Unfortunately however The Great Wall of China was on that list, we were setting off at 6am, so had to make the effort to drag myself down to the bus that morning.

There was talk of a picnic so had stopped off the night before at a local conveniance store to buy provisions but found it not that conveniant at all. In my tiredness, (I'm never at my best when lacking sleep), I became quite frustrated that the shop sold bread but not butter, (scotching my hopes for Marmite sandwiches... was carrying a jar of Marmite on me), and when I thought I'd bought myself a carton of milk, (been really missing milk), I got it back to my room only to find myself with a mouthfull of yoghurt!

(Why would they do that)?

So eventually I set out on Sunday with little more than a flask of chicken cuppa soup, (been carrying packets from home), some water and a few chocolate bars.

(Though later when we ate both Colin and Lisa shared their cheese rolls with me).

It was a 3 hour drive out to our wall site at Simatai which is less touristie than other parts of the wall but has some impressive views.

It's a 10.5 Km hike from Long Yu pass in the west to Yangjing building in the East and consists of 5 barriers, 67 watch towers, and 2 beacon towers and is well known for its broad views, intensive watch towers, and spectacular scenary.

By the time we got there I was more awake and prepared for our hike, which as it turned out would be a hard one.

Every picture I've ever seen of the Great Wall has always been one where its being visited by the Queen or an American President, or Alan Whicker and it always looked not overly challenging.

Sort of large walk on wall, with steps and walkways, so the talk I'd heard of us hiking it didn't sound that difficult a task.

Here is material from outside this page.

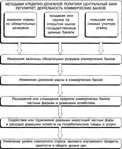 Наряду с правительством, в распоряжении которого находится государственный бюджет, на экономику способен активно воздействовать и Центральный банк. Но в отличие от проводимой правительством бюджетно-финансовой политики, которая непосредственно направлена на регулирование доходов и расходов фирм и домашних хозяйств, на расширение и сокращение государственных расходов, политика Центрального банка регулирует деятель-

Turns out it's more involved than you'd realise.

Firstly the wall makes no concessions to landscape, if it has to go up the side of a mountain then there it goes, (which I kind of knew), what I was'nt taking into account was that though it's in a fantastic preserved state, (don't be thinking Hadrians little effort here), it aint all easy steps and unhindered walking, sometimes it's more akin to scrambling up the side of Helvellyn than it is a gentle wander along one of the greatest Heritage sites in the world.

That was of course fine, (it aint like I haven't done that sort of thing at home... and as our group spread out kept myself quite near the front of the pack), but I did start to regret leaving my boots behind in Longsheng, as they'd have been far more appropriate for the type of scrambling and climbing I was having to do rather than the trainers I had on.

What also was proving to be a pain were the local Mongolian porters/hawkers who, as you panted and wheezed and generally exhurted your way across, strolled effortlessly beside you constantly saying things like...

'Hello!'

or

'Mind your step!'

or

'You buy Ice cold water'

or

'Buy book? .... Maybe later!'

I found myself wondering about those do gooder types that we cover at work who walk the wall for charity?

How frustrating must it be if they've trained for months only to be followed for the entirty of the wall by a little old bloke trying to sell them postcards?

I in the past have been very tolerant of these folk, (in fact had been noted for it on this trip), but my tiredness from the night before combined with my physical endurance requirements of the day left me on a short fuse.

Started with sarcasm, telling one porter...

'If you ever come to the lake district you must tell me... I would like to spoil the experience for you as much as you are ruining this one for me!'

Was a bit wasted, she smiled at me and said... 'You buy book!'

Eventually I lost all patience and on one stretch, clambering down a particular precarious section where you had to foccus hard, I showed my angry face to a bloke who kept trying to grab my arm and guide me down.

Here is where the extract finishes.